● **What is expected**
Each line in the material below must be transcribed exactly; no picture belongs in the copy.

● **Supplied information**
....

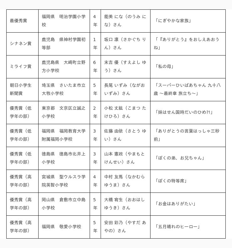 そのような日常の中から、身近な家族に対する感謝を発見し、その気持ちをまっすぐに伝える数々の作品の中から、上位4作品、優秀賞6作品、団体賞5団体を選出いたしました。
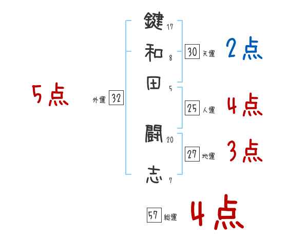 外運![]() | 鍵和田闘志さんの外運は32画の5つ星!柔軟性があり成功する。チャンスが多く金運が良い。 生活面を象徴する運勢です。外部から受ける影響力を表し、結婚運、家庭運や職場、環境への順応性を表します。 |
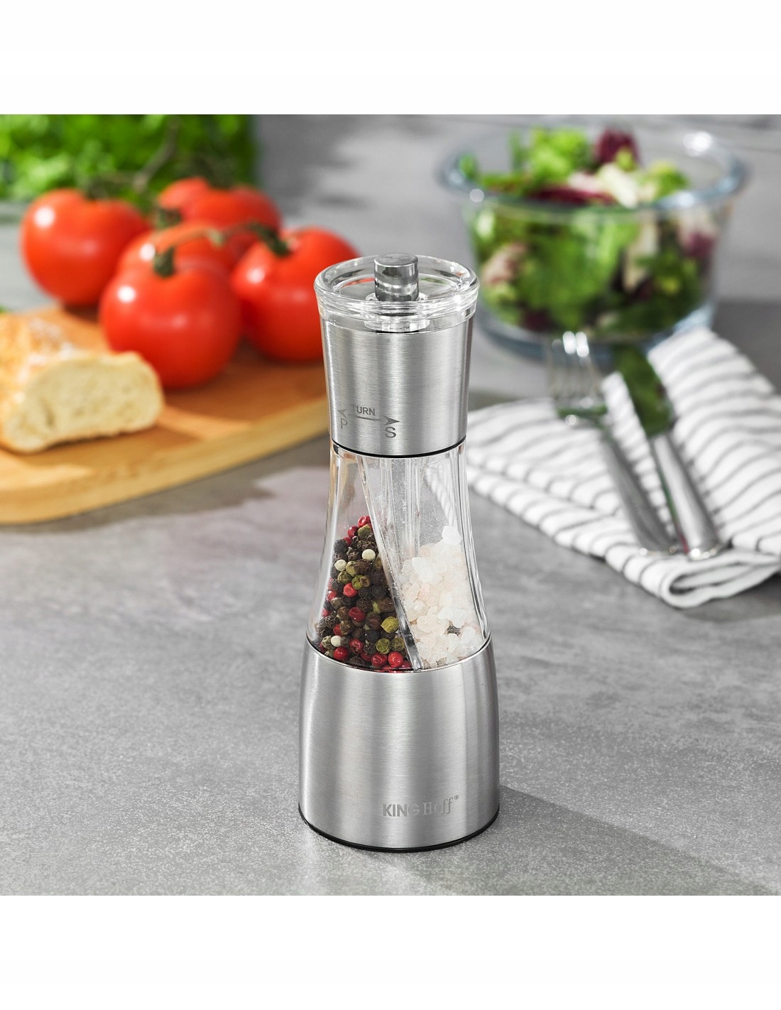 мельница для перца и соли 2 в 1 -й Kinghoff Double -Chamber Duo, предназначен для ручного шлифования перца, соли и других сушеных специй.

....

● **Solution for this exercise**
 そのような日常の中から、身近な家族に対する感謝を発見し、その気持ちをまっすぐに伝える数々の作品の中から、上位4作品、優秀賞6作品、団体賞5団体を選出いたしました。
 外運![]() | 鍵和田闘志さんの外運は32画の5つ星!柔軟性があり成功する。チャンスが多く金運が良い。 生活面を象徴する運勢です。外部から受ける影響力を表し、結婚運、家庭運や職場、環境への順応性を表します。 |
 мельница для перца и соли 2 в 1 -й Kinghoff Double -Chamber Duo, предназначен для ручного шлифования перца, соли и других сушеных специй.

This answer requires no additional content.